Bref, les critiques acerbes et les injures fusent. Ils s’engueulent pour tout et n’importe quoi et ça vole bas, le plus souvent. Mais les excès n’empêchent pas l’humour et le rire, en l’occurrence cathartique. Entre scènes dramatiques, douloureuses, drôles, voire burlesques, à l’écriture riche, on reprochera toutefois une tendance à l’hystérie. Elle est accentuée par la performance délirante de Valeria Bruni-Tedeschi. Certes, comme toujours, elle met beaucoup d’elle-même dans chacun de ses rôles, des choses qu’elle a vécues, rêvées, imaginés. Mais là, survoltée et shootée aux médicaments, elle en fait des tonnes en luttant pour récupérer l’objet de son amour.

En revanche, on salue la volonté d’apporter de la justesse et de l’authenticité dans ce récit sous haute tension tourné pendant la Covid, qui évoque la crise des Gilets jaunes, les brutalités policières, l’abandon de l’hôpital public, l’engagement inouï d’un personnel pourtant sous-payé, exténué, le délabrement des locaux. Non seulement Catherine Corsini s’inspire de sa propre histoire avec sa compagne ainsi que d’une mésaventure, mais elle a fait appel à de vrais soignants. Comme Aïssatou Diallo Sagna. Elle a 38 ans, incarne Kim, une infirmière qui apporte, comme les autres acteurs et actrices non professionnel-les, son expérience, sa maîtrise et son empathie envers les patients.

"Il ne s’agit ni d’un brûlot ni d’un manifeste"

La fracture est un film engagé, un film de résistance. "Il faut parler de tout cela pour ne pas laisser à nos enfants un monde pourri". Pour autant Catherine Corsini nie une volonté d’interpeler les autorités politiques. "Je l’ai fait pour raconter une histoire avec un fond humaniste et en jouant des ressorts de la comédie. Il ne s’agit ni d’un brûlot, ni d’un manifeste". Le film résonnant par ailleurs avec le théâtre, Catherine Corsini avoue qu’elle craignait la chose. "Je voulais que ce soit brisé par une manière de filmer qui crée le mouvement.
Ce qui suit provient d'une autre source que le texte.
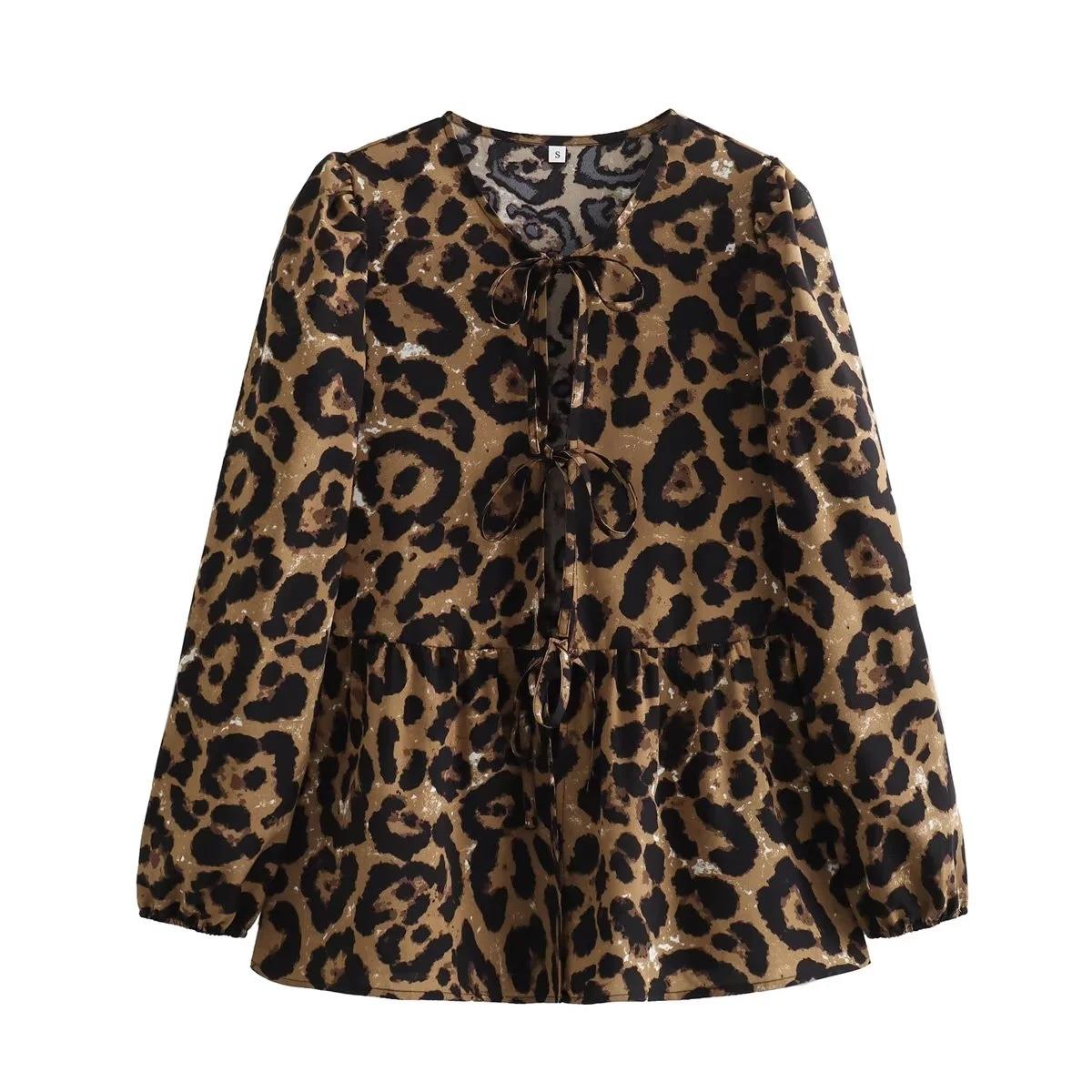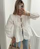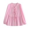 Roupas europeias e americanas nova exportação por atacado 7-color puff sleeve bow tie cardigan solto casual camisa versátil

Je souhaitais que les comédiens puissent improviser, que tout le monde parvienne à s’échappe". 

L’opus, qui figurait en compétition au Festival de Cannes, a décroché, rappelons-le, la Queer Palm. Cela peut surprendre dans la mesure où  l’homosexualité est particulièrement banalisée. Mais en fait, c'est logique.. "Ce qui me tenait à cœur, a déclaré la lauréate très émue en recevant son prix, c’était de raconter un couple de femmes d’une cinquantaine d’années qui a vécu le fait de s’assumer. Il est juste de dire que l’homosexualité est un sujet et en même temps qu’il n’en est pas un, car il est intégré, déjouant les préjugés. C’est merveilleux d’être récompensée pour cela". 

A l'affiche dans les salles de Suisse romande dès mercredi 27 octobre.